In [24], probabilistic models for daily peak loads at distribution feeders under a feeder using power-law distributions are suggested. The models are tested by the enhanced Kolmogorov–Smirnov test using the Monte Carlo simulation (MCS). The method is highly effective for long-term small-area load forecasting and provides high accuracy. However, it is not fast due to the high running time in large networks. In [25], a probabilistic method for statistical modeling of loads is suggested by representing all probability density functions (PDFs) through a Gaussian mixture model (GMM). However, a major problem with this method is that it needs a high number of iterations to achieve desired probability function outcomes, resulting in an additional computational burden on measurement and calculation. Furthermore, in [26], a plain feed-forward neural network is suggested to estimate the network state from the measurements. Pseudo-measurement modeling using artificial neural networks is presented in [27]. In this study, WLS state estimation is applied by decomposition into several components through GMM. Nevertheless, the correlation among loads is not considered. The high computation calculation burden is another disadvantage of the presented method in [18].

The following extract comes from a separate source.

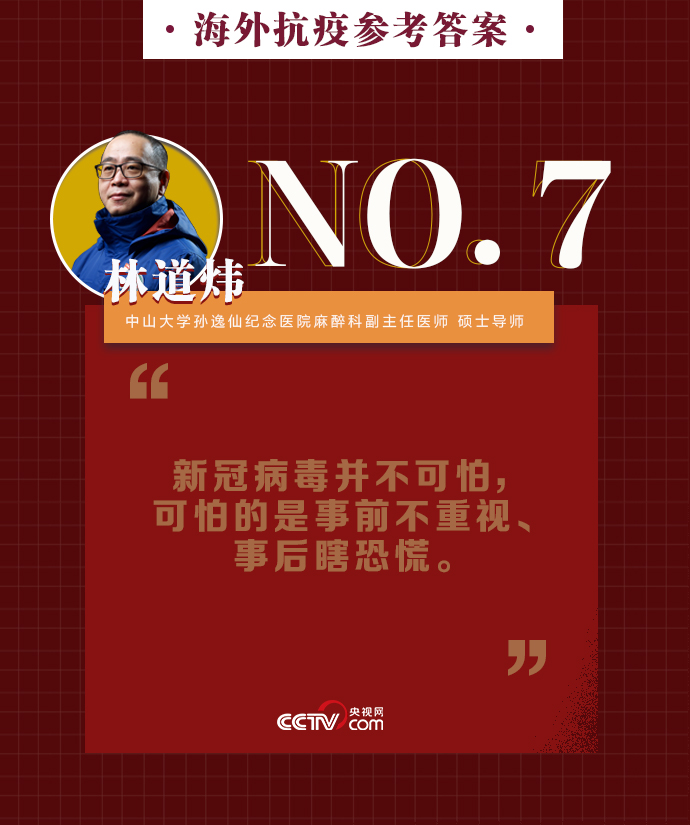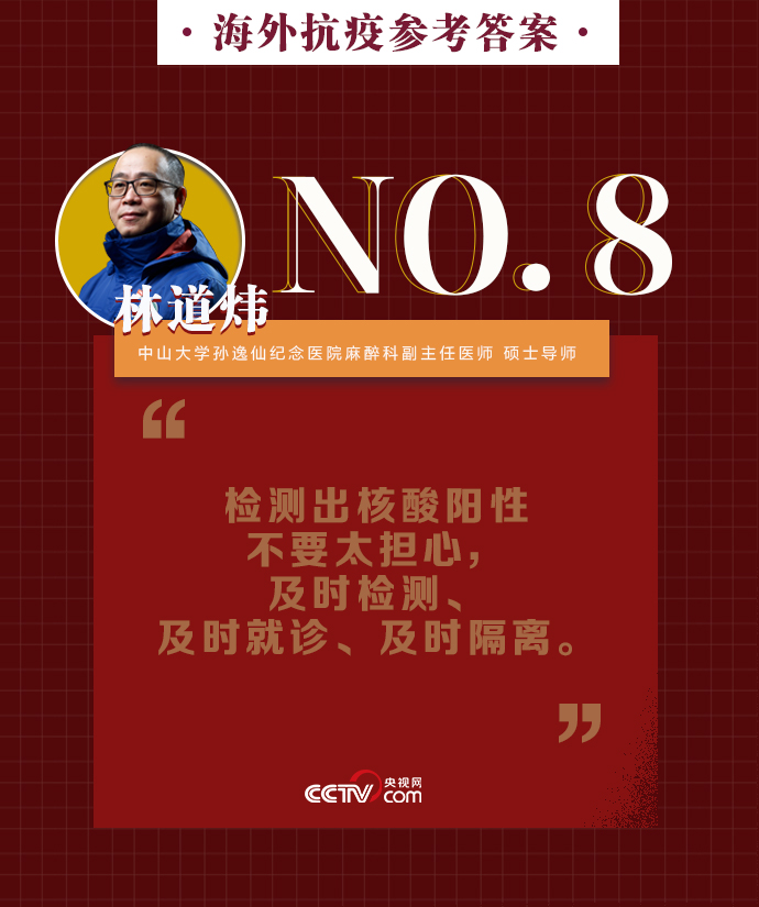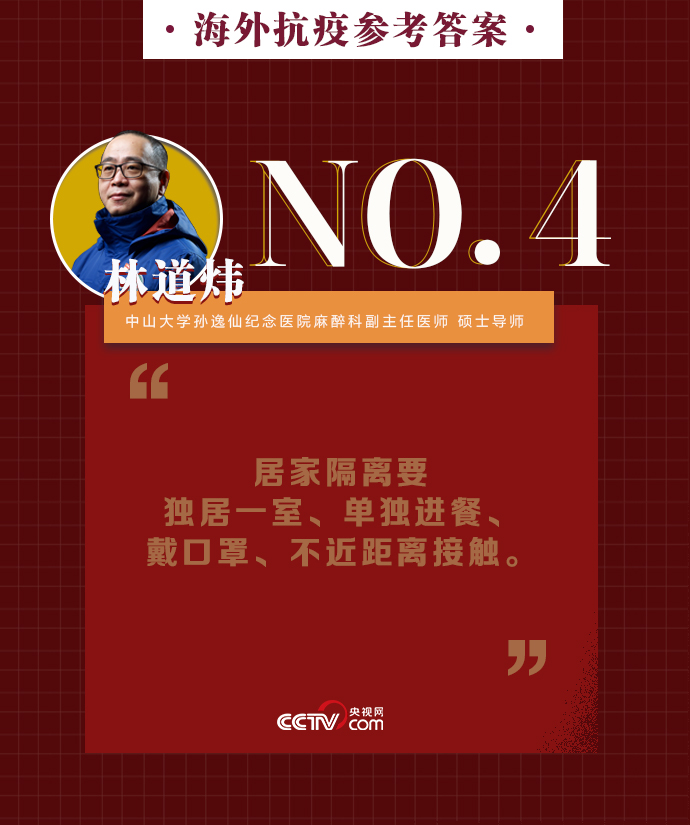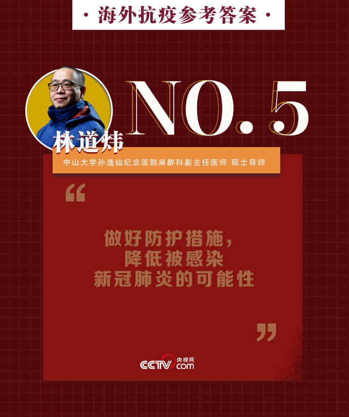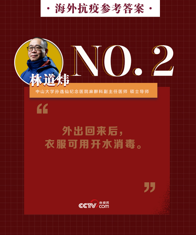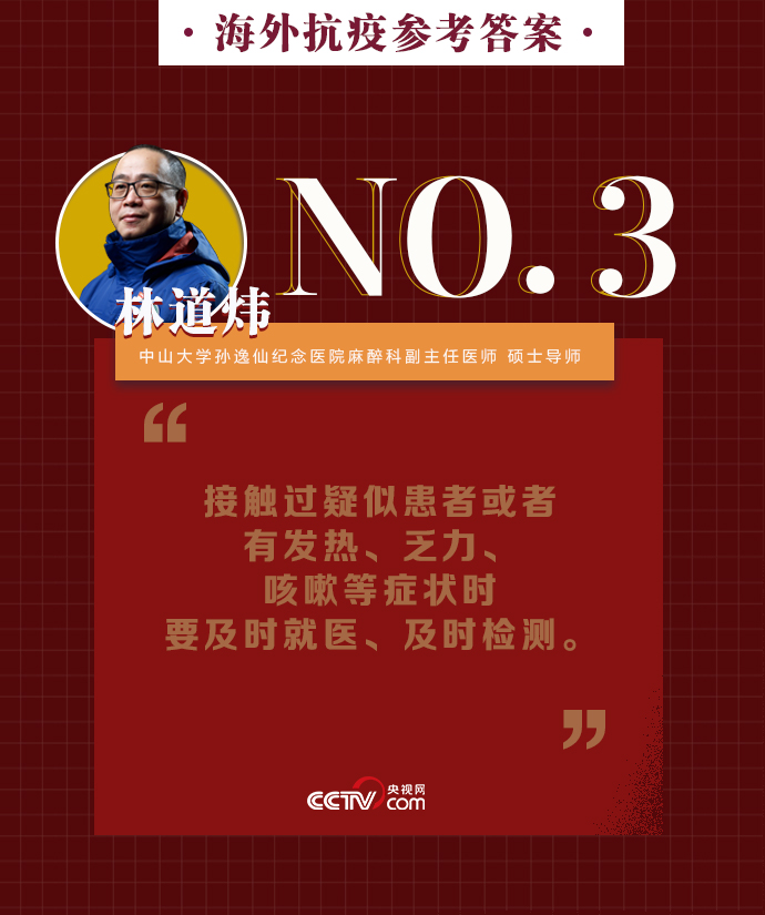 新冠肺炎疫情在全球持續(xù)暴發(fā),海外同胞如何做好基本防護(hù)、保證自身安全?出現(xiàn)焦慮緊張的負(fù)面情緒該如何緩解?中山大學(xué)孫逸仙紀(jì)念醫(yī)院麻醉科副主任醫(yī)師、碩士導(dǎo)師林道煒?biāo)蜕嫌埠斯ヂ裕捍骺谡、注意手衛(wèi)生、減少與人接觸。做好這些,新冠病毒不可怕。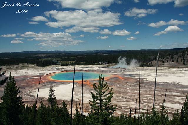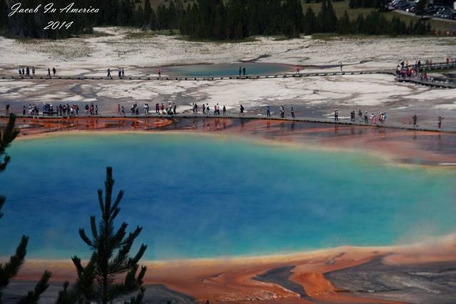 大稜镜温泉位于黄石国家公园的大稜镜温泉(The Grand Prismatic Spring,又称大虹彩温泉),是美国最大,世界第三大的温泉。它宽约75至91米,49米深,每分钟大约会涌出2000公升,温度为71°C左右的地下水。

Ghosh et al. [28] investigate the load modeling using historical variables such as customer billing, weather and type of customers. The historical variables are then used for the probabilistic modeling of customers. Customer class curves are also applied to reflect the uncertainty in the measurements. The need for precise load characteristics such as load factor and diversity factor is the main limitation of this strategy. In [29], a robust two-step state estimation method for DGs based on WLS and GMM modeling is proposed to improve the estimation accuracy and to update the output information, simultaneously. Authors use a set of reasonable weights for the measurement information to successfully perform WLS-based state estimation. A limitation of this study is that the effect of correlation among variables is not taken into account. Moreover, the computation complexity is the other major problem with this approach.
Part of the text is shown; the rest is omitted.